Ambig-IaC: Multi-level Disambiguation for Interactive Cloud Infrastructure-as-Code Synthesis
New training-free method tackles ambiguous cloud requests, improving IaC generation by 18-25% over baselines.
A research team including Zhenning Yang, Kaden Gruizenga, and Tongyuan Miao has developed Ambig-IaC, a novel framework designed to solve a critical bottleneck in AI-assisted cloud management. The core problem is that user requests for Infrastructure-as-Code (IaC) configurations—like "set up a web server"—are inherently ambiguous, and unlike regular code, cloud configurations are too expensive to deploy and test iteratively. The researchers observed that ambiguity in IaC has a structured, hierarchical nature, decomposing into three axes: resources (what components), topology (how they connect), and attributes (their specific settings). Higher-level choices constrain lower-level ones, making the problem tractable.
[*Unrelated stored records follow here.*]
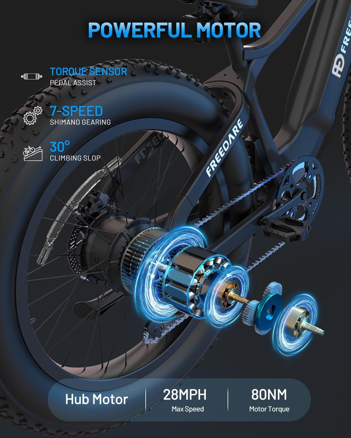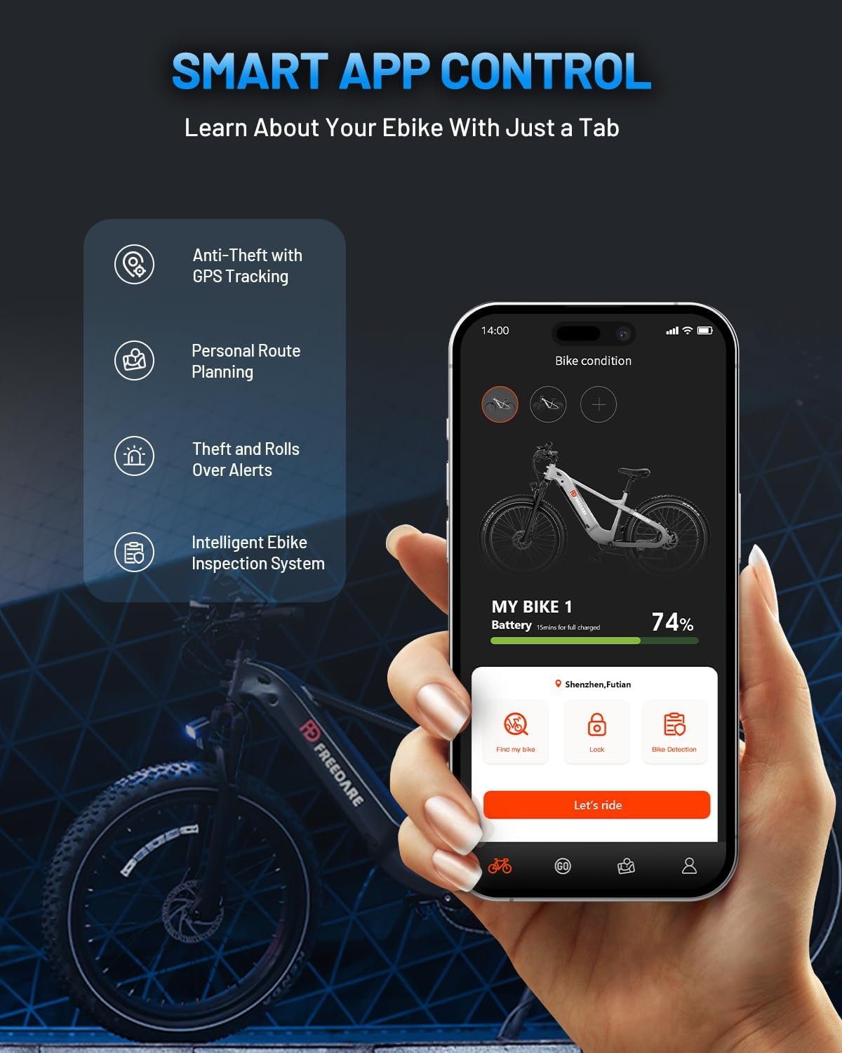 [Ride Smarter and Safer]FREEDARE smart e bike comes with Bluetooth,4G and GPS,which can realize APP self-detection,anti-theft positioning functions and ride customization via riding modes.
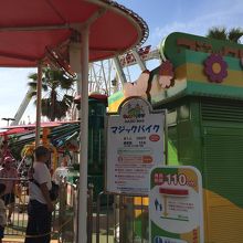 三重県にあるナガシマスパーランド内にあるアトラクションです。人が乗っているのを見ていたら楽しそうで、子供が乗りたいと言ったので、一緒に乗りました。
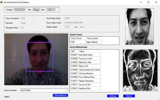 Intisari— Daftar kehadiran perkuliahan adalah salah satu faktor penting pada aktivitas perkuliahan karena merupakan salah satu syarat untuk mengikuti ujian akhir semester. Mengingat pentingnya kehadiran perkuliahan maka diperlukan sistem kehadiran dengan teknologi komputer vision yang diharapkan mampu mengatasi permasalahan pada presensi secara manual. Permasalahan-permasalahan umum yang terjadi pada presensi secara manual yaitu duplikasi tanda tangan, salah mengikuti jadwal kuliah, dan pembuatan laporan perkuliahan. Pada penelitian ini teknologi komputer vision yang digunakan ialah pengenalan wajah. Adapun tahap-tahap pengenalan wajah pada penelitian ini yaitu pendeteksian, ekstraksi ciri dan pengenalan. Metode-metode yang mendukung proses pengenalan wajah yaitu metode Viola-Jones, Sobel, dan KNN. Metode Viola-Jones pada penelitian ini diterapkan pada proses pendeteksian wajah, dimana tingkat akurasi dari metode Viola-Jones lebih dari 90%. Sedangkan proses ekstraksi ciri menggunakan metode sobel. Dan proses pengenalan wajah menggunakan metode KNN, dimana metode KNN memiliki tingkat akurasi yang tinggi. Selain itu pada penelitian ini menggunakan penentuan jarak pengambilan citra wajah dan posisi wajah. Tingkat keakurasian dari penelitian ini adalah sebesar 94.79%.

Ambig-IaC's training-free, disagreement-driven approach works by first generating multiple candidate IaC specifications from a single ambiguous prompt using a large language model (LLM). It then analyzes these candidates to identify structural disagreements across the three axes, ranks these points of conflict by their informativeness, and formulates precise, targeted clarification questions for the user. This interactive process progressively narrows the configuration space toward the correct setup. To validate their method, the team created a benchmark of 300 validated IaC tasks with intentionally ambiguous prompts and an evaluation framework using graph edit distance and embedding similarity. The results are significant: Ambig-IaC outperformed the strongest baseline with relative improvements of +18.4% on structural accuracy and +25.4% on attribute accuracy, moving the needle for reliable, one-shot cloud infrastructure synthesis from natural language.
- Framework identifies ambiguity across three hierarchical axes: resources, topology, and attributes, where high-level decisions constrain lower-level ones.
- Uses a training-free, disagreement-driven method to generate diverse specs and ask targeted questions, improving structure accuracy by 18.4% and attribute accuracy by 25.4%.
- Introduces a new benchmark of 300 validated IaC tasks to evaluate performance on ambiguous cloud deployment prompts.
Why It Matters
Enables more reliable, one-shot generation of complex cloud infrastructure from vague natural language requests, reducing costly deployment errors.